Laws Punishing Drug Use During Pregnancy Likely Worsen Health Outcomes

March 18, 2024

Contrary to some claims, laws that criminalize or otherwise punish drug use during pregnancy are more likely to worsen rather than improve health outcomes, according to a paper by researchers at Columbia University Mailman School of Public Health. The study is the first to systematically review the literature on punitive prenatal drug laws—an increasingly common state policy strategy for addressing rising rates of prenatal drug use. The findings are published in the International Journal of Drug Policy.

The authors collected data on the number of states with laws that explicitly allow criminal prosecution, involuntary commitment, or revoke custody rights following allegations of drug use during pregnancy. They then evaluated existing studies testing whether the enactment of such laws was associated with health improvements, either for pregnant people themselves or their babies.

The authors reviewed four studies tested whether the adoption of punitive laws was associated with reductions in neonatal drug withdrawal syndrome (NDWS)—a condition that can occur after exposure to opioids and other drugs in utero. Two of the studies found little change, while the two others found increased NWDS after a punitive law was adopted. 

“There has been considerable concern from within legal, medical, and public health communities that punitive prenatal drug policies might increase potential harms. Our findings support this premise and suggest that such approaches constitute ineffective policy,” said lead author Emilie Bruzelius, PhD, a postdoctoral research fellow in the Department of Epidemiology.

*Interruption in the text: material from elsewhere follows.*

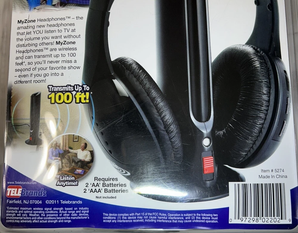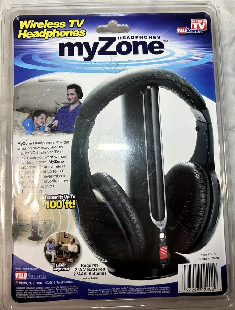 NEW SEALED My Zone Wireless TV Portable Black Headphones

“Identifying effective policy strategies to support pregnant people with drug use disorder outside of the criminal-legal system is an important priority,” noted Silvia S. Martins, MD, PhD, professor of Epidemiology at Columbia Mailman School, and senior author.

Co-authors include Melanie S. Askari, Sandhya Kajeepta, Lisa Bates, Seth J. Prins, Columbia Mailman School of Public Health; Kristen Underhill, Cornell University Law School; and Marian Jarlenski, Pittsburgh School of Public Health.

The study was supported by the National Institutes on Drug Abuse (DA045872, DA053745, DA031099).